If the dispute is not satisfactorily resolved through this administrative process, and if contested amounts are greater than $1,000, the individual would be able to request judicial review of the Secretary’s final decision. Aggregation of claims to meet these thresholds would be permitted.
An expedited determination would be available for a beneficiary who received notice: 1) that a provider plans to terminate services and a physician certifies that failure to continue the provisions of the services is likely to place the beneficiary’s health at risk; or 2) that the provider plans to discharge the beneficiary.
The Secretary would enter into 3-year contracts with at least 12 qualified independent contractors (QICs) to conduct reconsiderations. A QIC would promptly notify beneficiaries and Medicare claims processing contractors of its determinations. A beneficiary could appeal the decision of a QIC to an ALJ. In cases where the ALJ decision is not rendered within the 90-day deadline, the appealing party would be able to request a DAB hearing.
The Secretary would perform outreach activities to inform beneficiaries, providers, and suppliers of their appeal rights and procedures. The Secretary would submit to Congress an annual report including information on the number of appeals for the previous year, identifying issues that require administrative or legislative actions, and including recommendations for change as necessary. The report would also contain an analysis of the consistency of the QIC determinations as well as the cause for any identified inconsistencies.
Section 522: Revisions to Medicare Coverage Process.
The provision would clarify when and under what circumstances Medicare coverage policy could be challenged. An aggrieved party could file a complaint concerning a national coverage decision. Such complaint would be reviewed by the DAB of HHS. The provision would also permit an aggrieved party to file a complaint concerning a local coverage determination. In this case, the determination would be reviewed by an administrative law judge. If unsatisfied, complainants could subsequently seek review of such a local policy by the DAB. In both cases, a DAB decision would constitute final HHS action, and would be subject to judicial review. The provision would also permit an affected party to submit a request to the Secretary to issue a national coverage or noncoverage determination if one has not been issued. The Secretary would have 90 days to respond. HHS would be required to prepare an annual report on national coverage determinations.

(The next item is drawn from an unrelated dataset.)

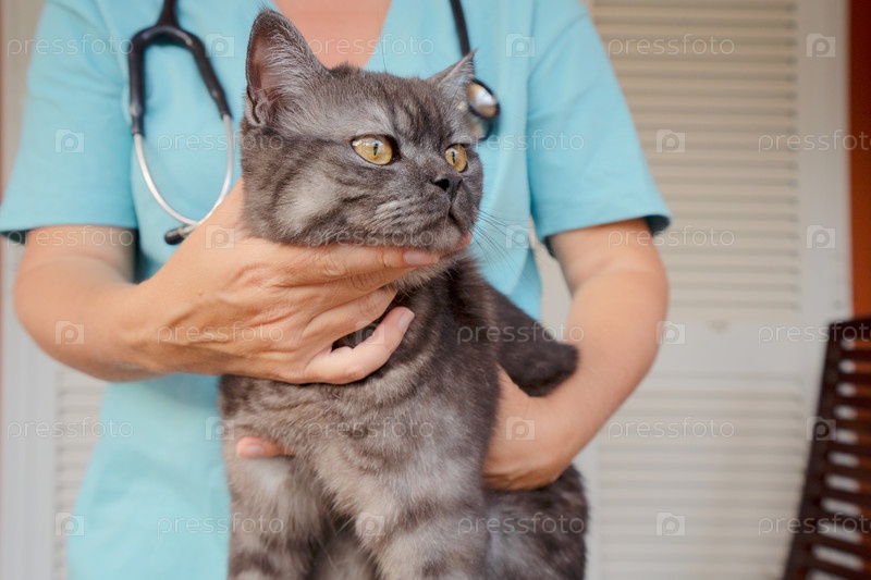 Женщина-ветеринар держит больного кота крупным планом. Диагностика здоровья домашних животных в концепции ветеринарной клиники
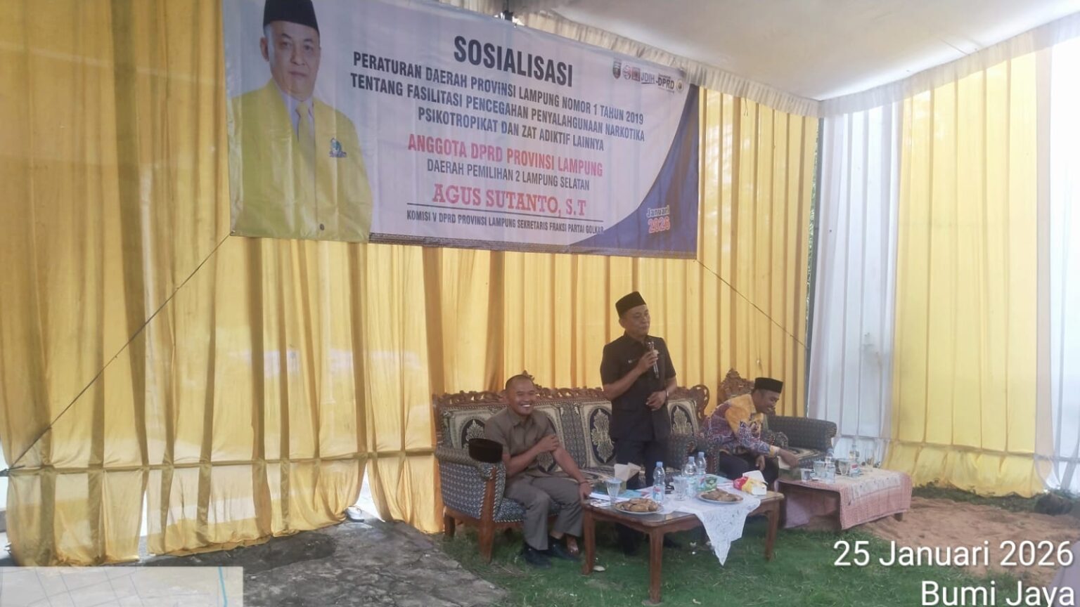 Anggota DPRD Provinsi Lampung, Agus Sutanto, melaksanakan Sosialisasi Peraturan Daerah (Sosper) Provinsi Lampung Nomor 1 Tahun 2019 tentang Fasilitasi Pencegahan Penyalahgunaan Narkotika, Psikotropika, dan Zat Adiktif Lainnya, pada 25 Januari 2026.

Section 532: Retention of HCPCS Level III Codes.
This provision extends the time for the use of local codes (known as HCPCS Level III codes) through December 31, 2003. The Secretary is further required to make the codes available to the public.
Section 533: Recognition of New Medical Technologies Under Inpatient Hospital PPS.
This provision requires the Secretary to submit a report to Congress no later than April 1, 2001, on potential and preferred methods for more rapidly incorporating new medical services and technologies used in the inpatient setting in the clinical coding system used with respect to payment for inpatient services. The Secretary must implement the preferred methods no later than October 1, 2001.
Section 543: Extension of Advisory Opinion Authority.
This provision makes permanent the Office of Inspector General (OIG) authority to issue advisory opinions to outside parties who request guidance on the applicability of the antikickback statute, safe harbor provisions, and other OIG health care fraud and abuse sanctions.